Inflation is a cost to the economic system. It dilutes the value of each token by issuing new tokens, and uses the tokens to redistribute funds. The cost comes from the market reaction to the supply increase.
Keep in mind that right now, in a year there will be 8% more Steem than current. That's a lot higher when compared to existing stable currency growth, and with the reasoning that there will be enough growth in the economy to support it.
By what metric are we going to be measuring this growth? In my view, and I believe in many economic analyses, it is about value transfer. The primary form in which this exists is that users create content, and others redirect rewards upon consuming it. But this is only meaningful if
- Rewards are a direct consequence of a real interaction.
- Reward values are consistent with the perceived value of interaction.
The voting system is meant to evaluate this, but it makes the interesting choice of trusting those with stake to do it. Of course this makes it highly dependent on the virtues of those with stake. Predictably, people have gone the route of being ignorant to this principle, shouting claims of "code is law" or "my stake, my money (or beating stick)". (Or with full understanding and greed).
But not everyone has, and I believe this is why we are all still here.
Measuring value transfer and allocating rewards appropriately makes the most sense for an attempt to set up a real alternative economic system. It's clear that incentives do not align with this goal. And this is why I am a fan of the proposal for true 1A1V (1 account, 1 vote) with an oracle to protect against abuse, as mentioned here.
The exciting part here is that oracles open up the possibility of changing stake based allocation to many systems imaginable, and we no longer have to trust stake-- it will be baked in by the individual SMT, and incentives can be made to align more closely with the true goal of measuring value.

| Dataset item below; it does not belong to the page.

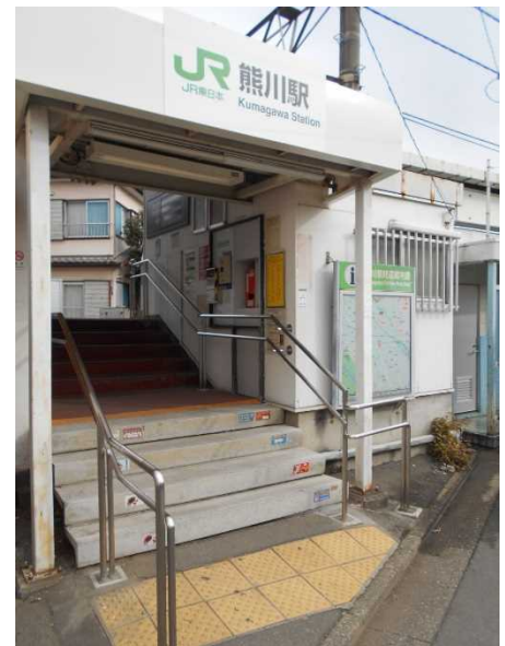
▲現在の熊川駅の様子

But you know what, wouldn't it be nice if we could trust stake to do its job? People have been so focused on the money that they are blind to the larger picture of having a thriving economy. When people say not using VP as "throwing money away" because of the belief that the portion of the reward pool corresponding to the stake is earmarked for them, that goes against this vision, the long term prospects of the platform. Self voting, as much as people like to defend "just let me do what I damn please", is counter to this principle as well. And all sorts of questionable allocations of stake. I believe SMTs will make things better because of the ability to align incentives, but it really is a disappointment to see that our budding community cannot figure this out**.

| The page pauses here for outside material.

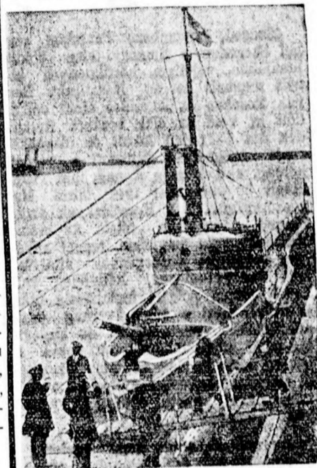
VIII. Edvárd angol király meglátogatta a legújabb angol tengeralattjáró hajót

Szombat este a zagrebi volt Szokol-teremben Délnyugat-magyarországi birkózói vendégszerepeltek. Ellenfelük Zagreb válogatott csapata volt, amely óriási meglepetésre 17:1 arányban győzött a magyar vidéki csapat felett. A győzelem még ebben az arányban is teljesen megérdemelt. A verseny hat számból állt, tuss-győzelemért 3, pontozásos győzelemért 2 pontot kapott a győztes csapat s így született meg a 17:1-es eredmény, mert a zagrebiek a 6. számból ötöt tussal, egyet pedig pontozással nyertek.

**I should give our community credit where it is due though. Despite the current system being so raw, and not having any infrastructure, just look at what has organically popped up. Communities, curation groups.. games... dapps. It really makes me excited about the platform's future. Yes, despite having broken incentives, we have true value growing beneath the surface rubbish.
I've left something out in this discussion though up until now. Let's talk about investors, which are serving to bootstrap this budding economy. They should be incentivized to do so, but how much? I also believe that they should be, but only an appropriate amount that can be supported by the rest of the platform. You know, exactly how stock valuations and dividends work in the wild. You'll note that this is exactly why part of the inflation is earmarked for this purpose. Yes, it might not be enough, but that's what you get as a baseline. You get a bonus in being able to influence the direction of the platform, and what do you do with it? You act against the direction of economic growth. Thanks for nothing. (This isn't directed at anyone in particular, just general sentiment).
- EDIT: See comments for why this is really not a dividend at all, and rather a partial compensation from diluted stake. And see comments for why dividends are anyway not expected for new projects. Thanks for the discussion all!
You want investors to be rewarded more by default? Then take away from the reward pool and allocate more to the vesting pool. That might help. But don't do it now, because the rest of the system is broken as stake based value assignment is failing us (but not entirely, thankfully). And maybe do it in accordance with what @therealwolf suggests here, when 1a1v is in place.
This is all coming from the recent discussions I've had with @meno and @tcpolymath as well as wider sentiment, so I'll be curious to hear what they have to say. And of course anyone else is welcome to chime in. Cheers.
(Also missing from the discussion: value transfer coming from exchange of goods and services. But that will come with the adoption. And already exists in some form here.)
Edit: removed earlier self voting comment as not productive.